Update
September 26, 2008
I’ve been without internet service for awhile. Hurricane Ike was not to blame. Instead, my little brother’s excessive and unwarranted cell phone use was the cause.
CJ and Paul have been alright. Things are bad here. Our bills are high and I am doing the best I can to bring them down. Still I have to say I have a lot of disappointment in myself for not trying harder. And inasmuch as I want to take a long vacation, I do not think that will be a possibility for some time.
Cameron is gone now, for good, sadly. It was of his own volition and I do not hold it against him. I was in love with him and it constituted three glorious months of absolute bliss, the first time I had feelings for someone other than Ryan. He wrote me a long, beautiful, letter that I got to read in church (I am still singing for Henry). It ruined my Sunday and depressed me for the entire week, but I feel better knowing that somehow I’ll eventually get to see him again.
I talk every day to Scott now on the telephone or at least send him an e-mail. He’s become a best friend and a mentor and a confidante. He makes my life better just by knowing that not all of it is bad–there are good things, like my iBook, gay porn, candy, and good music. I would like to share a chelada with him someday. I think he is the only person who absolutely has 100% faith in my ability to overcome unfortunate situations.
As the Chinese say, “slowly one treads over vipers and coals”. Victory, in sweet Jesus’ name, is near. My mom is tired, sometimes depressed, but valiant. “You need to do more,” she says, and inside it hurts, but I’ve gotten so used to it now. In the gym the pain becomes your best friend. All you do is set it aside and see where it takes you. I am still confident I will make it to Sul Ross, even though now it seems so far away.

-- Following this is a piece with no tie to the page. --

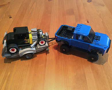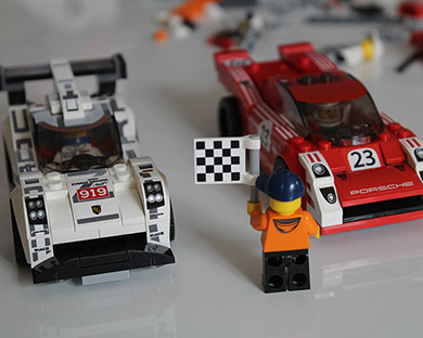 It includes four minifigures, a workshop with a winning podium at the back, a starting light, a LEGO trophy, a checkered flag, an engine lift and extra engine for the hot rod, two awesome vehicles and a ton of stickers!

I’ve begun performing in public again, with Sergio and Blanca, two Mexican virtuosi, one an accomplished pianist and the other a soprano with a flair for the dramatic (niece of the famed composer Julian Carillo, whom John Cage mentioned early in the 50s as a pioneer of microtonality)–and the Ensemble Euterpe from Reynosa, performing alongside the popular classics music by Revueltas, Piazzola and Alois Haba.
I’m almost close to completing 12 Melodies for Carillon, done in a style reminiscent of early American hymnody and thoroughly tonal. When I began to compose it I was so taken aback that I was writing in a key with melody I had to slap myself. They all have their own distinct hymnodic names, e.g., Cherry Grove, New Providence, &c. Berio said we must either make amends with the past or completely forget it. I am trying to make a direct effort to make amends with the past, especially my own, in relation to the Border and to my own love for American music.
I remember Miss Celie in The Color Purple saying “I may be poor, black and even ugly, but dear God, I’m still alive.” I may be poor, overgrown, unshaven, gaining weight, and in the most remote part of Texas, but dear God, I’m still alive and working towards a good end.